#### WHAT IS EXPECTED:
Your copy of the listing should match it exactly, only without pictures.

#### AVAILABLE DATA:
+-------+

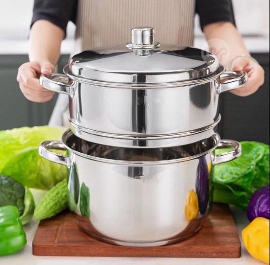 The ROYALTYLINE CP12L 26cm Couscous Pot is perfect and intended for preparing delectable steam dishes. Made from food-grade stainless steel, this cookware is safe for everyday cooking. A full cap base on the stacking steamer and saucepot feature a thick core surrounded by stainless steel for rapid, even heating. The lower part holds the water, boiled and crates steam, while the upper part holds the food. It’s the perfect size for steaming vegetables, seafood or meat dishes. Steaming retains vitamins and minerals, making it a healthier way to cook. Its dishwasher safe and suitable for all types of stoves, including induction.
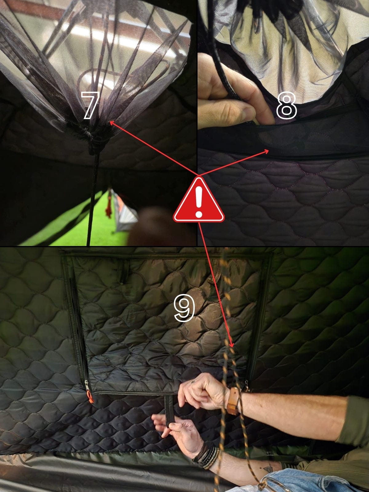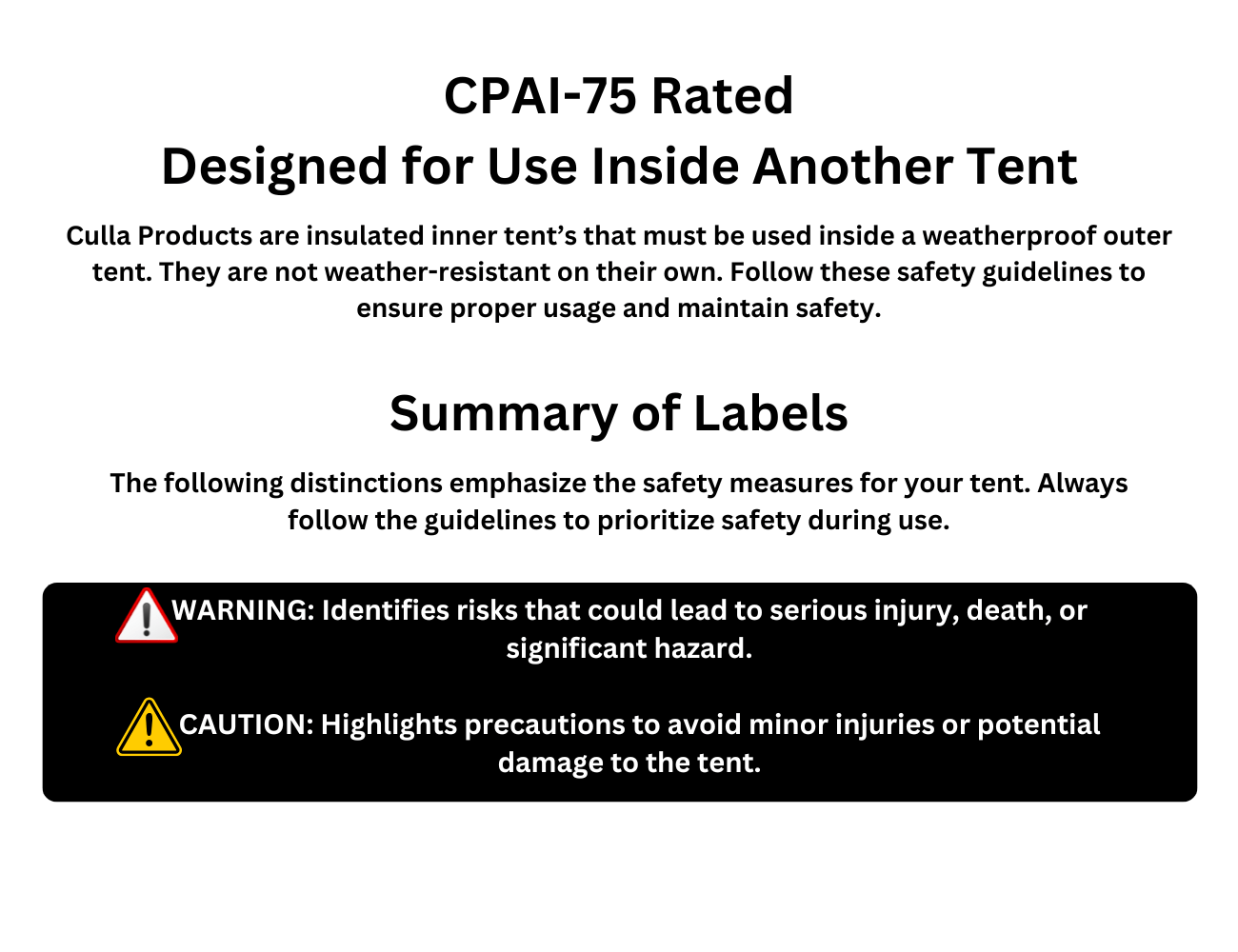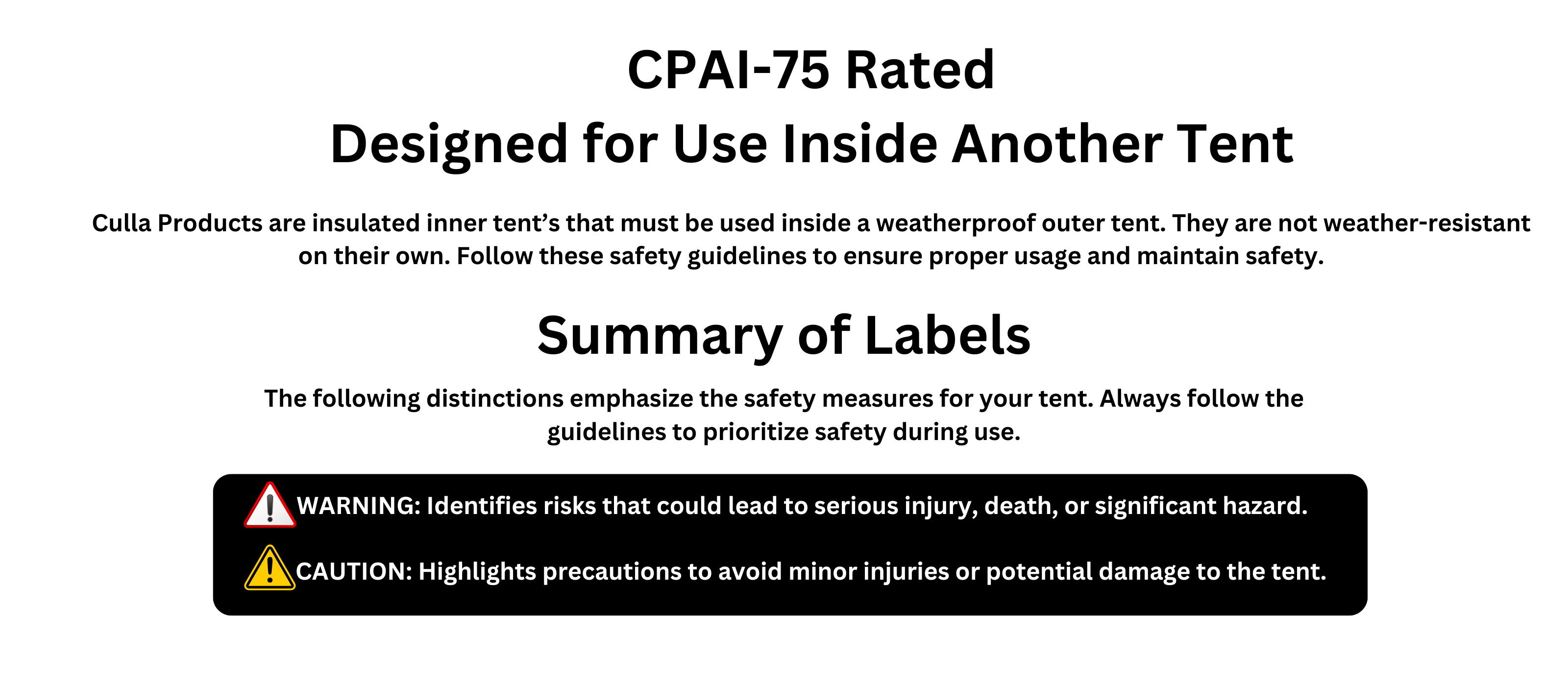 - Fire Hazard: The tent is not fireproof. Keep open flames, stoves, and heat sources away.
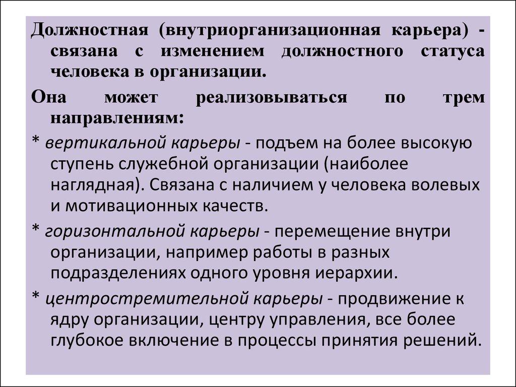 Должностная (внутриорганизационная карьера) связана с изменением должностного статусачеловека в организации.
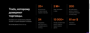 Tradu активно продвигается как глобальный мультиактивный брокер с 25-летней историей, строгим регулированием и миллионами клиентов по всему миру. На сайте заявлены 8000+ американских акций, CFD на индексы, криптовалюты, металлы, единый счёт, «нулевые комиссии», интеграция с TradingView и высокий рейтинг 4.8/5 на Trustpilot.
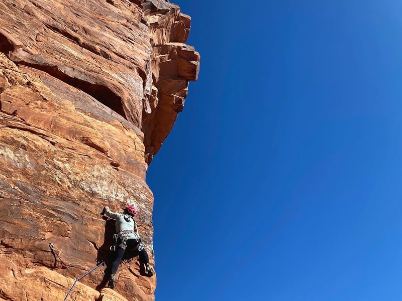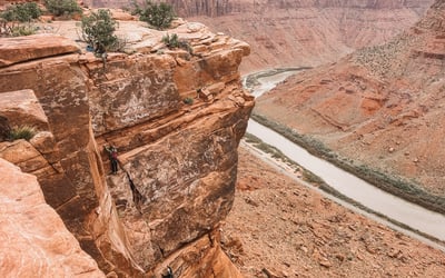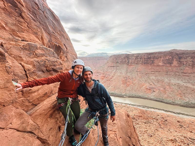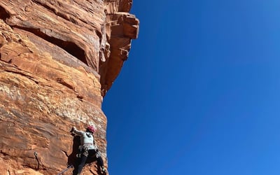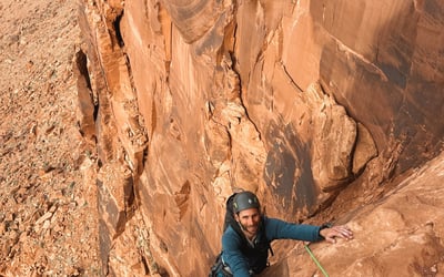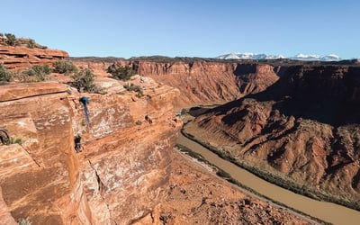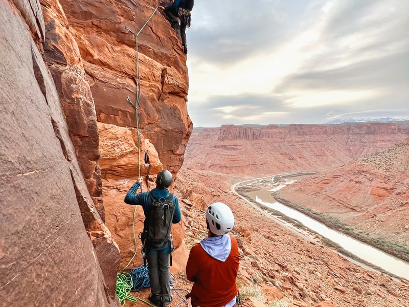 Climb Terma, a unique multi-pitch route high above a bend in the Colorado River. Learn essential systems, reach a beautiful summit, then rappel back down.
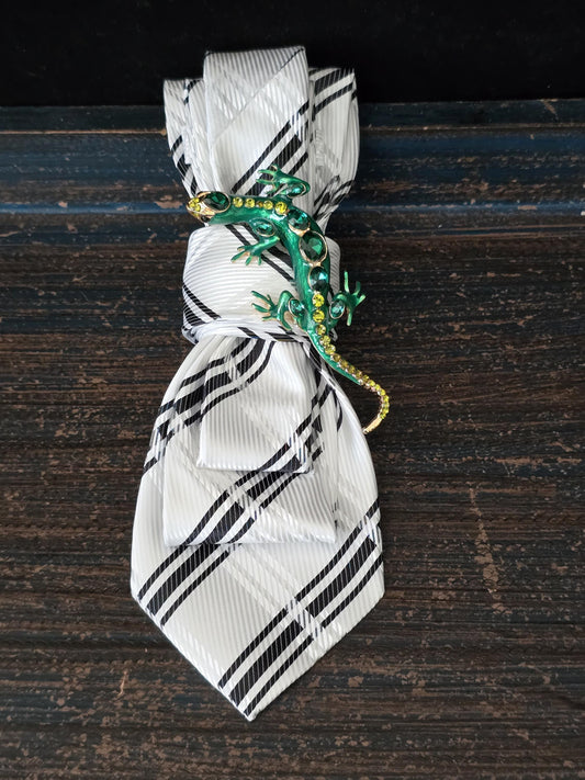 Stylish Black and White Stripe Women’s Necktie Necklace - Brooch Necklace - Handcrafted Statement Jewelry -Stylish Neckwear For Women

+-------+

#### YOUR RESPONSE:
 The ROYALTYLINE CP12L 26cm Couscous Pot is perfect and intended for preparing delectable steam dishes. Made from food-grade stainless steel, this cookware is safe for everyday cooking. A full cap base on the stacking steamer and saucepot feature a thick core surrounded by stainless steel for rapid, even heating. The lower part holds the water, boiled and crates steam, while the upper part holds the food. It’s the perfect size for steaming vegetables, seafood or meat dishes. Steaming retains vitamins and minerals, making it a healthier way to cook. Its dishwasher safe and suitable for all types of stoves, including induction.
 - Fire Hazard: The tent is not fireproof. Keep open flames, stoves, and heat sources away.
 Должностная (внутриорганизационная карьера) связана с изменением должностного статусачеловека в организации.
 Tradu активно продвигается как глобальный мультиактивный брокер с 25-летней историей, строгим регулированием и миллионами клиентов по всему миру. На сайте заявлены 8000+ американских акций, CFD на индексы, криптовалюты, металлы, единый счёт, «нулевые комиссии», интеграция с TradingView и высокий рейтинг 4.8/5 на Trustpilot.
 Climb Terma, a unique multi-pitch route high above a bend in the Colorado River. Learn essential systems, reach a beautiful summit, then rappel back down.
 Stylish Black and White Stripe Women’s Necktie Necklace - Brooch Necklace - Handcrafted Statement Jewelry -Stylish Neckwear For Women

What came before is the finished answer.